Мои самые сладкие детские мечты — о еде. То вдруг мне пригрезится, что случайно открываю вход во всеми забытый погреб, а там — бочонки с золотистым засахаренным медом. То как наяву увижу целый воз с халвой. То вырастает перед моим голодным взором гора булок или светящегося рафинада. Озера постного масла и берега из черного хлеба и картошки — вот что снилось мне в детстве, когда другим, более благополучным и сытым, снились алые паруса…
Но действительно — хватит. Нет сил.
Не хочу вспоминать.
То было в другой жизни.
То было не со мной.
С кем-то другим.
Глава триумфальная
МОЙ КАБИНЕТ
Я никого не виню.
Ни людей, ни время.
Но я завидую своему сыну.
Боже, да если бы я родился в такой семье, если бы получил такое образование, если бы мое детство прошло среди книг — кем бы я стал!
Не кем, а каким. Описка. Ошибка по невнимательности.
А если это у меня в крови — кем?
Предыдущую главу — о матери — вычеркну. Сентиментально, пессимистично, не типично. Все равно редактор выбросит. А вдруг не выбросит? Но он во мне — редактор. Садясь за письменный стол, я чувствую за спиной сиплое дыхание Бермута и смрад его сигары. Словно заглядывает через плечо в мою рукопись и подсказывает: это вычеркни, здесь оптимистичнее, а это го не пиши, не надо. И я пишу, чтобы ни у кого никаких сомнений, чтобы прямо в типографию. Потому что мое слово — прибыльное, больше слов — больше денег. А бензин подорожал. А Ксеня договорилась о новом гарнитуре, югославском, наш гарнитур уже не модный. А я хочу поменять мою отличную "Волгу" на еще более роскошную. А Ксеня хочет в зарубежную поездку. А подруга Ксени, жена композитора Н., купила перстень с бриллиантом. Ксеня считает: мы должны показать, что не беднее других. А сын хочет только американские джинсы, у других японские приемники и вертушки, он, что ли, хуже? После каждой новой книги думаю: все, остановлюсь, передохну, огляжусь малость, буду жить и писать иначе, чтобы мыслям и чувствам было просторно, а не словам. Но выходит — то да се, непредвиденные расходы, ненасытные фантазии Ксени, мои аппетиты, моя привычка — уже привычка! — всегда иметь в кармане деньги и тратить их, не очень-то считая, — и все сначала.

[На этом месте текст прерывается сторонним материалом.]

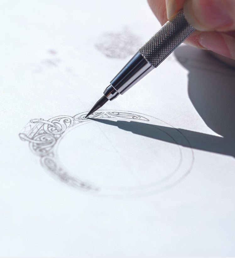 After reviewing your inquiry, our expert designer, Ross, will schedule a complimentary consultation with you. During this consultation, Ross will show brief sketches or preliminary CAD (Computer-Aided Design) renders he has created based on your ideas. Additionally, we take this opportunity to learn more about you or the recipient of the piece. Understanding your style, preferences, preferred stone selection, metal colors, and more helps us tailor the design to your exact specifications.

И — спешка в работе, и — облегченный вариант, и — литературный вал, и — дыхание Бермута за спиной.
А чего вы хотите от человека, который впервые поел досыта в шестнадцать лет?!
Любил порисоваться в кругу знакомых: я впервые наелся в шестнадцать лет, когда получил первую зарплату. Зашел в тереховскую столовку и наелся. Любил порисоваться, пока верил, что я — писатель. Теперь уже знаю: не писатель, нет. Работаю писателем, зарабатываю на хлеб, производя слова. Теперь уже знаю: время легко сотрет мои увесистые, но пустые тома и никто не вспомнит Ярослава Петруню уже в следующем поколении. В литературе останутся имена других — кто не заботился об объеме, количестве напечатанных книг, о гонорарах и престижных автомашинах. Тех, кто говорил с читателями, а не с кассирами издательств. В иные минуты я ненавижу их — принципиальных и упрямых. Мне недостает характера. Господи, так почему же ты, создав меня малодушным, не сделал близорукими мои глаза и коротким умишко, чтобы видел я не далее собственного носа, чтоб до смертного часа считал себя тем, кем мечтал стать на клинышке пакульского поля?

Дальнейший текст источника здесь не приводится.